> _Exercise_
Where a record holds a picture, leave the picture out; otherwise repeat every record exactly.

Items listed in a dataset
= Beginning of Section =
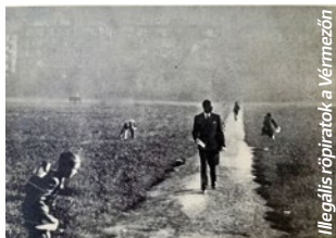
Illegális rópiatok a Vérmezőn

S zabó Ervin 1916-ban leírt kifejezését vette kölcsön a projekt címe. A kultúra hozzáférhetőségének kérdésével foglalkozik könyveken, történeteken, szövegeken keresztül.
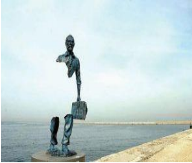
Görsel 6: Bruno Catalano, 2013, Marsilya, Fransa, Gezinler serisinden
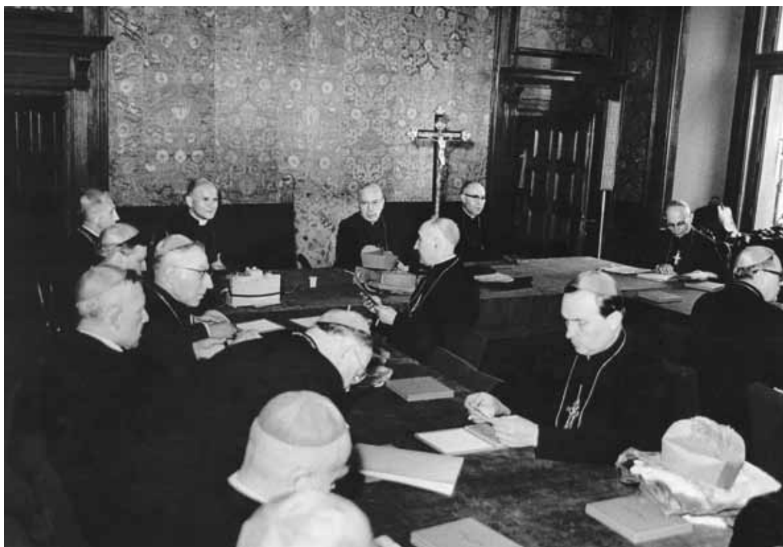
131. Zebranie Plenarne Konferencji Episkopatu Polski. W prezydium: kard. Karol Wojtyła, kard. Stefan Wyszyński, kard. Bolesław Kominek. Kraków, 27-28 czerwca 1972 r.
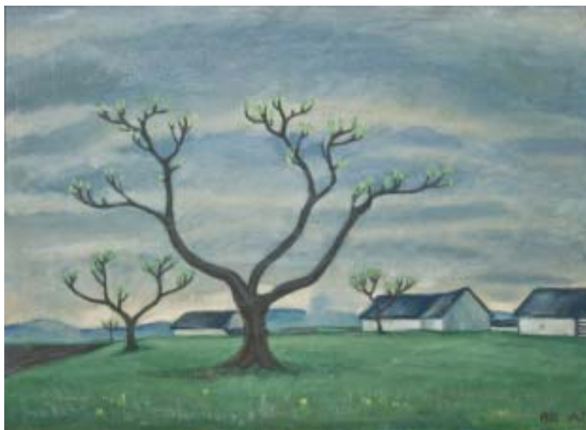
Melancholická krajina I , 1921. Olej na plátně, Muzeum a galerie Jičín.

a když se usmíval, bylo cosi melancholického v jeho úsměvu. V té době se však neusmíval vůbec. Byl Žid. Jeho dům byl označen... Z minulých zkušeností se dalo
= End of Section =
> _Exercise output_
Illegális rópiatok a Vérmezőn

S zabó Ervin 1916-ban leírt kifejezését vette kölcsön a projekt címe. A kultúra hozzáférhetőségének kérdésével foglalkozik könyveken, történeteken, szövegeken keresztül.
Görsel 6: Bruno Catalano, 2013, Marsilya, Fransa, Gezinler serisinden
131. Zebranie Plenarne Konferencji Episkopatu Polski. W prezydium: kard. Karol Wojtyła, kard. Stefan Wyszyński, kard. Bolesław Kominek. Kraków, 27-28 czerwca 1972 r.
Melancholická krajina I , 1921. Olej na plátně, Muzeum a galerie Jičín.

a když se usmíval, bylo cosi melancholického v jeho úsměvu. V té době se však neusmíval vůbec. Byl Žid. Jeho dům byl označen... Z minulých zkušeností se dalo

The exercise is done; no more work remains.